# Reciprocal of Complex Number?

• Oct 10th 2009, 06:23 AM
Viral
Reciprocal of Complex Number?
$z=\frac{3+4i}{2-3i}$. What is the complex number which satisfies the equation $zw=1$.

My attempt:

$\begin{array}{rcrcrc}
z=\frac{3+4i}{2-3i}\\
\\
zw=1\\
\\
w=\frac{1}{z}\\
\\
\frac{3+4i}{2-3i}*\frac{2+3i}{2+3i}=\frac{-6+17i}{13}
\end{array}$

Is it right up to there? If so, I see I need to get the reciprocal of that (which will be the value of w). How would I do that?
• Oct 10th 2009, 06:25 AM
Matt Westwood
Quote:

Originally Posted by Viral
$z=\frac{3+4i}{2-3i}$. What is the complex number which satisfies the equation $zw=1$.

My attempt:

$\begin{array}{rcrcrc}
z=\frac{3+4i}{2-3i}\\
\\
zw=1\\
\\
w=\frac{1}{z}\\
\\
\frac{3+4i}{2-3i}*\frac{2+3i}{2+3i}=\frac{-6+17i}{13}
\end{array}$

Is it right up to there? If so, I see I need to get the reciprocal of that (which will be the value of w). How would I do that?

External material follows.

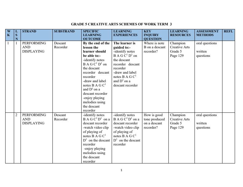 Enhance your Grade 5 Creative Arts curriculum with the Rationalized Schemes of Work for Term 1. Streamline your teaching process and maximize student engagement with our specialized resources designed...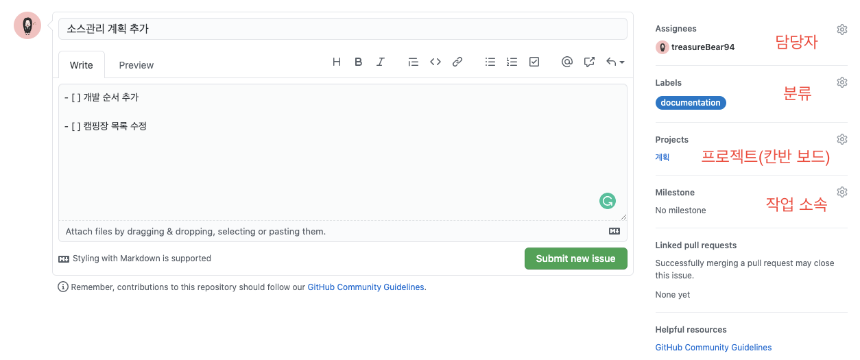 Projects 와 Milestone 은 미리 등록해놓아야 설정 가능합니다. Labels은 이미 등록된 내용을 써도 좋고, 추가도 가능합니다.

My initial utterly naive approach would be to say that $1/(a/b) = b/a$ and so $w = 1/z = \frac{2-3i}{3+4i}$.

Or am I missing something subtle?
• Oct 10th 2009, 06:28 AM
Viral
Ahh, I was trying to do that after working it out >< . I didn't think it would make a difference. Thanks, I'll try that out.